Tuition at the state’s public colleges and universities likely will increase as much as 5.4 percent under a plan that received preliminary approval from the state Board of Regents.
Actual increases likely will be more, however, when they are completed in March.
Regents each year approve two tuition rates. First-tier rates for each school, like those that received preliminary approval Friday, fund each institution’s share of employee compensation packages approved by the Legislature.
Second-tier rates are set by each institution to cover individual costs. The two rates are combined to reach the actual tuition increases for each school.
Preliminary first-tier tuition increases range from an average of 4 percent to 5.4 percent, depending on funding from the Legislature.

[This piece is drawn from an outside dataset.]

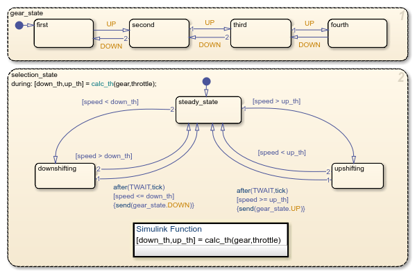 The state selection_state operates in parallel with gear_state. As the speed of the car changes, selection_state moves between the downshifting, upshifting, and steady_state operating modes. On each step, a during action assigns new upshift and downshift thresholds to the local data down_th and up_th by using the Simulink function calc_th.

Rates vary by individual institution. Students at the University of Utah would see a 2.76 percent first-tier tuition increase if the Legislature increases employee compensation by 4 percent. Salt Lake Community College students would pay 2.62 percent more, while Utah State University students would pay 2.98 percent more. Weber State University students would pay 2.68 percent more, and Utah Valley State College would pay 2.62 percent more.
Regents also intend to ask lawmakers for $68.8 million in new money for operational expenses, a 9.4 percent increase over the current year’s budget. That figure does not include any proposed increase for employee compensation.
Some regents are bothered by the increase after raising Tier 1 tuition by 4 percent for several years in a row.
“I’ve been uncomfortable with the increases we’ve had the last four, five, six years,” said Regent Nolan Karras, of Roy. “We’ve just been ratcheting it up.”
He told the regents he was reluctant to approve a 4 percent increase.
“I will probably vote no but I am willing to be convinced, or have some alternative plan,” Karras said.